It wasn't like the five of them had been the last, either. The Dragon Clan had provided a lot of soldiers for the Suit project, son and daughter alike, and a lot of them were even still alive. Wufei had been the first for them, but there had been others. The Winner's had been mostly support staff, of course; Duo saw them in the hangers often, as mechanics, digging fingers in to repair or keep maintained. The had been there for most of the war, too. And doctors-- Quatre's family thrilled at playing with needles.

There were so many. They had all started getting numbered. They all shared Suit register numbers. Which was weirder than sharing head-space with one.

Well. He had always been Duo.

Animals didn't have numbers, of course. Which made them fun to watch. Also their shapes were a source of freedom, too; a part of him, the part that wasn't him at all, missed having other shapes. Missed changing. Maybe one day they'd have it back.

Duo's lips quirked down into a frown. Deathscythe slid closer to him, inside him, in a way of apology, and something settled inside Duo that was actually his own.

“I do not mean to sound whimsical,” which coming from a Suit was downright nearly philosophical, though Deathscythe would have denied it. Considering the miles between them, Duo was surprised with how clear it all came in, Deathscythe to Duo, Duo to Deathscythe. Words, emotions, images.

It bothered him. But only a little, now.

“I was Recon. Camouflage was important, so I had a lot of forms to... blend in.” A hesitance, and then a sense of wryness came through. Dry humor, but honesty; like he was reading Deathscythe's florescent coding. He could tell the difference. “Invisible is better, tactically. I don't have to change anymore.”

If I change, Deathscythe didn't say, though Duo heard it anyway. If I change, We wouldn't be Us.

It helped. A sort of balm.

Duo leaned his forehead into the fence and closed his eyes. He was going to have a few chain-link indentations later. “You're not really invisible. It's mirror refraction or something. Camera circuitry.”

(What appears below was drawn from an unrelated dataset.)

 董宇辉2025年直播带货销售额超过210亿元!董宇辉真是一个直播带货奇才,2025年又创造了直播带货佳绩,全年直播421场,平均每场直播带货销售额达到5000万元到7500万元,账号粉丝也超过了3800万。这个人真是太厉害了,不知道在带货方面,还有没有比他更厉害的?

“Close enough,” which meant that it was. They might as well be invisible in reality. The enemy had never been able to see them coming-- and neither had their allies. Despite his official flares, he didn't show up with an IFF or any of the pings for any of the CID radars. Sonar could find him, if he was the only thing out there, but usually he wasn't, so.

Usually they had had to open comms to let their allies know who they were, which took precious seconds in combat usually needed for devotion to actual combat. So they were an invisible hunk of metal fighting in a field, virtually a third party. How they had managed to keep from getting mutually killed was beyond Duo's comprehension. Calling oneself the God of Death didn't exactly make it anything real, after all.

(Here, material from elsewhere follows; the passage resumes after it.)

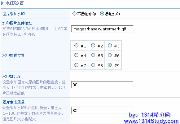 水印设置主要针对上传的图片附件加上个性化图标,作为标志,可以做为防盗链或者宣传工具。
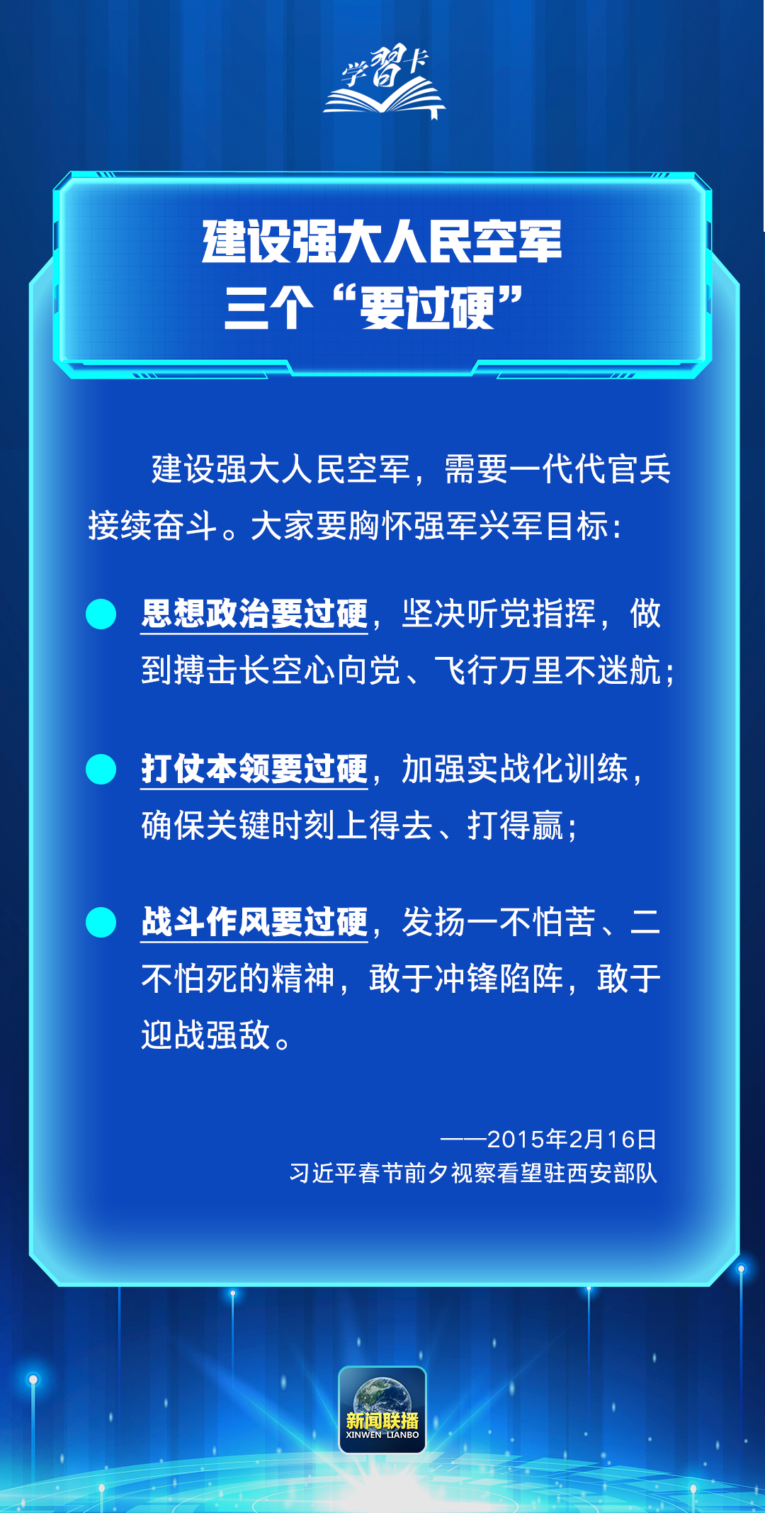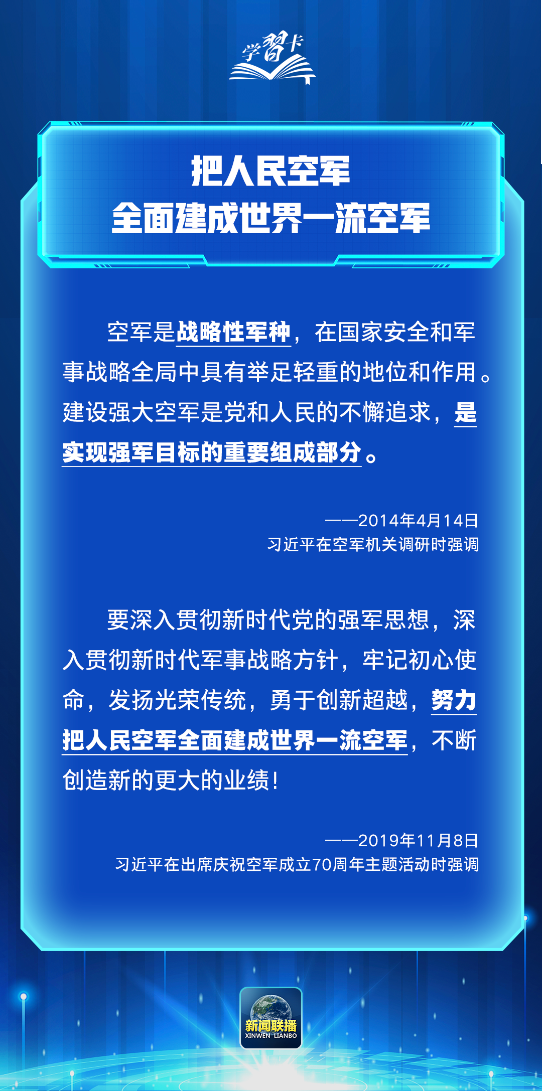 2024年11月11日,是中國人民解放軍(jun) 空軍(jun) 成立75周年紀念日。在黨(dang) 的堅強領導下,一代代空軍(jun) 官兵胸懷淩雲(yun) 壯誌,搏擊萬(wan) 裏長空,推動空軍(jun) 建設取得舉(ju) 世矚目的成就,為(wei) 維護國家主權、安全、發展利益建立了不朽功勳。如何把人民空軍(jun) 全麵建成世界一流空軍(jun) ?一起學習(xi) ↓

Though communications had gotten a lot easier when intent could suddenly be projected. Quatre could do it easily; could talk without talking, and hear without being anywhere around, and if any of the Suit Pilots wanted actual privacy they needed to be in the suits or otherwise somewhere wave frequencies couldn't pass or in the area of effect of an EMP-- nobody actually knew what an EMP would do to them.

Point was, Quatre had himself a Wifi Hi-def receiver dish set complete with a microphone he could turn on and off. Charles Xavier, eat your heart out.

Duo was still calibrating a soap-box radio. And the only reliable channel was Us; himself and Deathscythe. Pfft.

“Telepathy would be fairly accurate for this phenomenon. We transmit radio waves to and from each other.”

Duo reluctantly opened his eyes to stare at the wolf enclosure again, not really seeing anything but greenery. Trowa was the wild animal guy; Duo did lockpicks. And robots, apparently. “You guys spend way too much time on the internet. Technophile.”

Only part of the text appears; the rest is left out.